Years Ago

Today is Tuesday, April 17, the 108th day of 2012. There are 258 days left in the year.


On this date in:

1521: Martin Luther goes before the Diet of Worms to face charges stemming from his religious writings. (He is later declared an outlaw by Holy Roman Emperor Charles V.)

1937: The animated cartoon character Daffy Duck makes his debut in the Warner Bros. cartoon “Porky’s Duck Hunt,” directed by Tex Avery.

1970: Apollo 13 astronauts James A. Lovell, Fred W. Haise and Jack Swigert splash down safely in the Pacific, four days after a ruptured oxygen tank cripples their spacecraft while en route to the moon.

1972: The Boston Marathon allows women to compete for the first time; Nina Kuscsik is the first officially recognized women’s champion, with a time of 3:10:26.


1987: Emanuel N. Catsoules, superintendent of Youngstown schools, says the state should change the law to limit the frequency with which residents may ask that their children be transferred to another school district.

The governors of Ohio and Wisconsin say they would back Illinois as the site for a proposed $6 billion Superconducting Super Collider if their own states are out of the competition.

The 7th District Court of Appeals denies the appeal of Rosalie Grant of Youngstown, sentenced in 1983 to die in Ohio’s electric chair for setting a fire that killed her two sons.

1972: “The frustration of Vietnam should not bring America to let its guard down,” U.S. Sen.

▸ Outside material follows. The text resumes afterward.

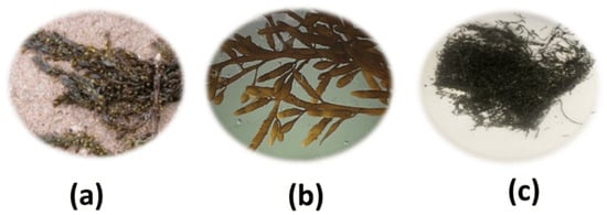 Sargassum muticum. (a) Collection; (b) washing; and (c) drying, with color change [27].

Henry Jackson, D-Washington, says during a fund-raising dinner for 18th District Rep. Charles J. Carney at Cherry’s Top of the Mall restaurant in Niles.

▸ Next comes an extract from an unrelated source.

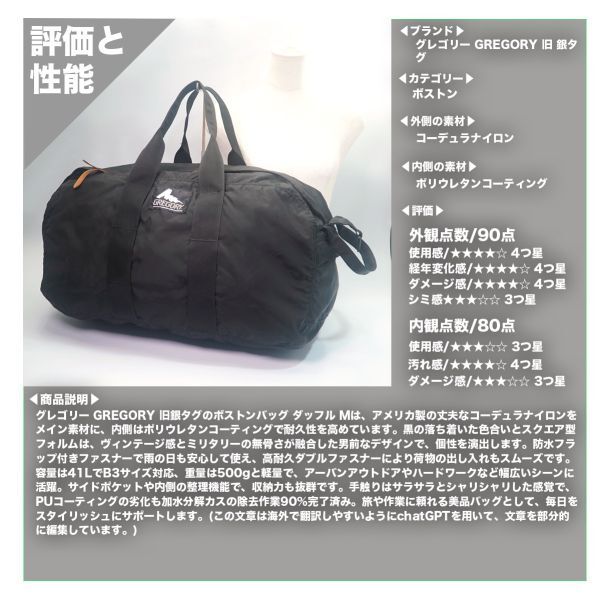 グレゴリー GREGORY 旧銀タグのボストンバッ グ ダッフル Mは、アメリカ製の丈夫なコーデュラナ イロンをメイン素材に、内側はポリウレタンコーティン グで耐久性を高めています。黒の落ち着いた色合いとス クエア型フォルムは、ヴィンテージ感とミリタリーの無 骨さが融合した男前なデザインで、個性を演出します。 防水フラップ付きファスナーで雨の日も安心して使え、 高耐久ダブルファスナーにより荷物の出し入れもスムー ズです。容量は41LでB3サイズ対応、重量は500 gと軽量で、アーバンアウトドアやハードワークなど幅 広いシーンに活躍。サイドポケットや内側の整理機能で 、収納力も抜群です。手触りはサラサラとシャリシャリ した感覚で、PUコーティングの劣化も加水分解カスの 除去作業90%完了済み。旅や作業に頼れる美品バッグ として、毎日をスタイリッシュにサポートします。(こ の文章は海外で翻訳しやすいようにchatGPTを用 いて、文章を部分的に編集しています。)■取引(落札/発送/トラブル/返品)

The slowdowns and strike that plagued the General Motors assembly plant at Lordstown are over, but the underlying issue, “assembly line boredom,” remains a threat to GM and other companies.

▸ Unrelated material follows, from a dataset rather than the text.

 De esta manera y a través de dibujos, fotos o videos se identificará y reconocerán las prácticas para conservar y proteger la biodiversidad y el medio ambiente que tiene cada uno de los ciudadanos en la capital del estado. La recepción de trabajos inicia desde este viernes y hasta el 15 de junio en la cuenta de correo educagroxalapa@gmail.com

Three federal judges rule that Ohio’s new system of reimbursing parents $90 per year for parochial school tuition is unconstitutional.

1962: The Youngstown Sheet & Tube Co. and Republic Steel Corp. are among 12 leading steel companies subpoenaed by a Senate anti-trust and monopoly subcommittee looking into price increases.

Ralph P. “Bob” White, secretary treasure of White’s Drugstores, is named to a five-year term on the Youngstown Board of Health.

Youngstown police solve a dozen burglaries at nine homes and a school on the West Side over the period of a year with the arrest of five boys between the ages of 14 and 16.

1937: With steel plant capacity taxed by the biggest business since 1929, Republic Steel Corp. is building anew $15 million strip mill in Cleveland.

Thomas Mylott, brother-in-law of Youngstown Traffic Commissioner Clarence Coppersmith, dies in South Side hospital after being struck by a hit-skip driver at Market Street and Ellenwood Avenue. City police capture the driver, who was charged with drunken driving.